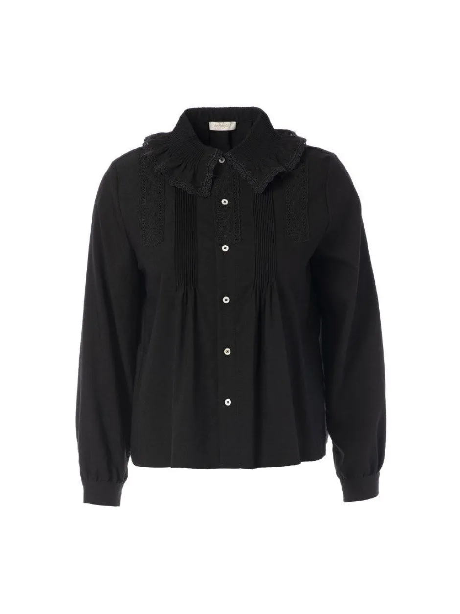 JcSophie ”Joan” Blouse Black hurmaa naisellisen ja ajattoman siluetin yhdistelmässä: rento oversized-leikkaus ja ylelliset romanttiset yksityiskohdat, kuten brodeerattu boordikaulus ja herkkä pitsisomistus yläosassa. Materiaalina viskoosi–polyesteriyhdistelmä (46/40 % ) tarjoaa pehmeyttä ja laskeutumista, ja pusero istuu mukavasti ilman kiristävyyttä
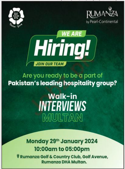 Latest Pearl Continental Hotel Management Posts Multan 2025
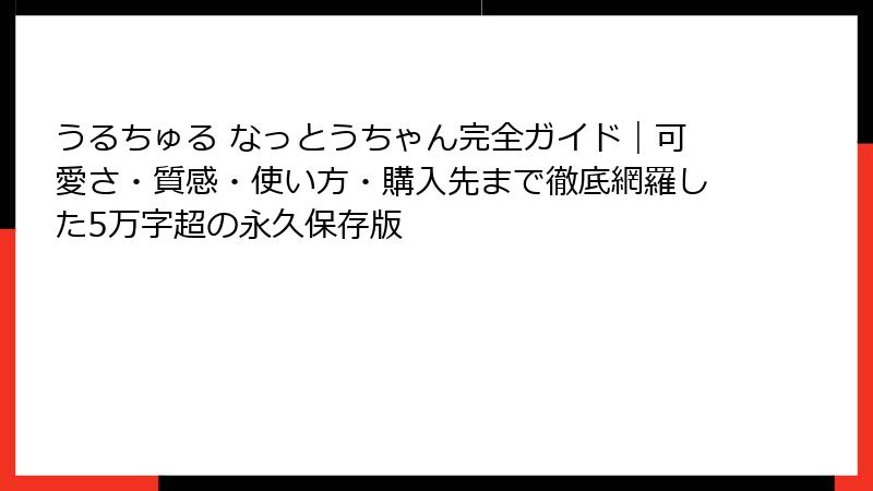 皆さん、こんにちは! 今日は、最近SNSやオンラインショップで話題沸騰中の可愛いキャラクター「うるちゅる なっとうちゃん」について、詳しくお話ししていきたいと思います。
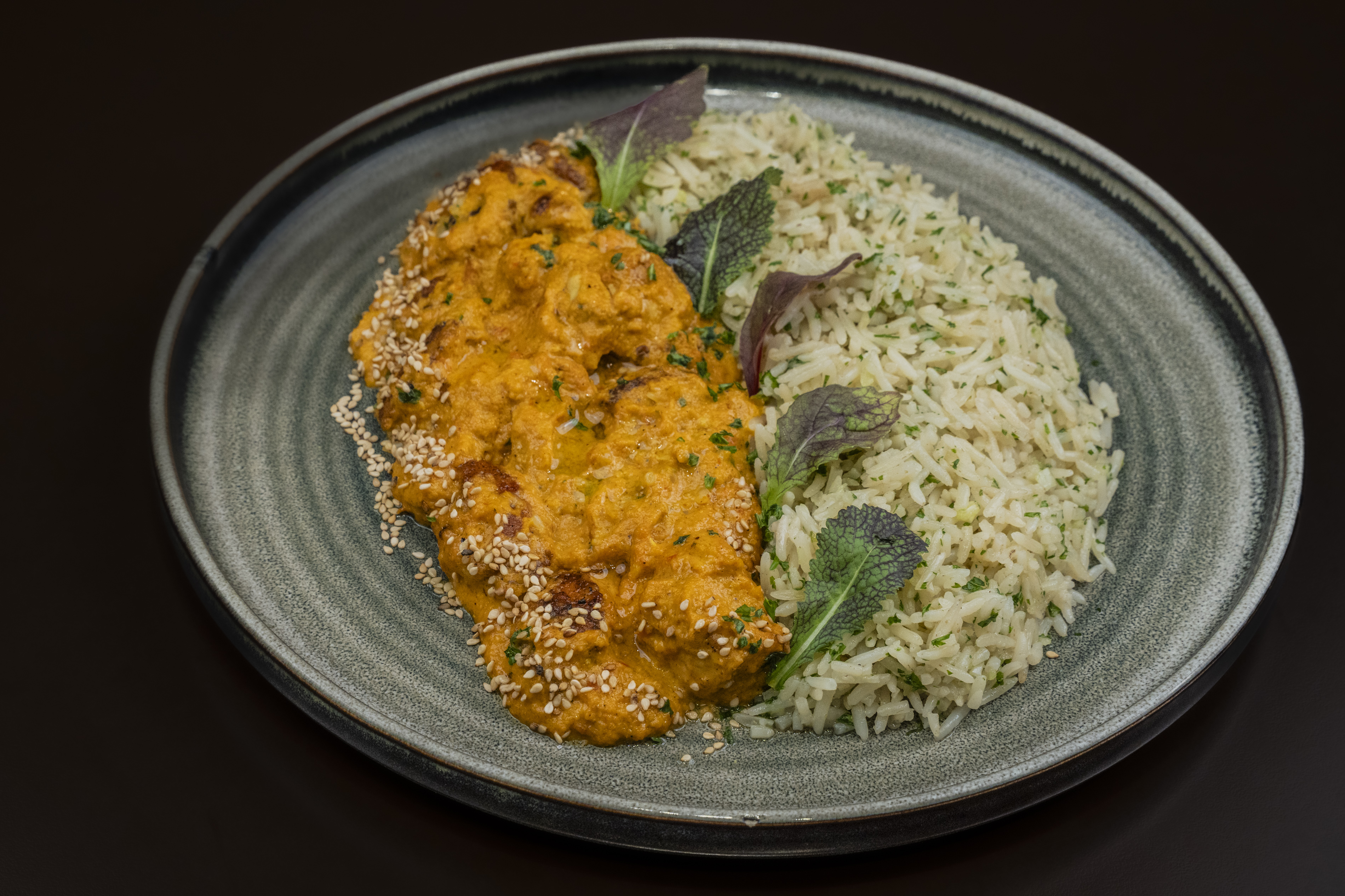 Tender chicken in curry sauce over white rice, topped with caramelized onions, sesame seeds, and parsley.

════════════════════

Before writing out the material above, please remove its pictures; everything else stays exact.

 JcSophie ”Joan” Blouse Black hurmaa naisellisen ja ajattoman siluetin yhdistelmässä: rento oversized-leikkaus ja ylelliset romanttiset yksityiskohdat, kuten brodeerattu boordikaulus ja herkkä pitsisomistus yläosassa. Materiaalina viskoosi–polyesteriyhdistelmä (46/40 % ) tarjoaa pehmeyttä ja laskeutumista, ja pusero istuu mukavasti ilman kiristävyyttä
 Latest Pearl Continental Hotel Management Posts Multan 2025
 皆さん、こんにちは! 今日は、最近SNSやオンラインショップで話題沸騰中の可愛いキャラクター「うるちゅる なっとうちゃん」について、詳しくお話ししていきたいと思います。
 Tender chicken in curry sauce over white rice, topped with caramelized onions, sesame seeds, and parsley.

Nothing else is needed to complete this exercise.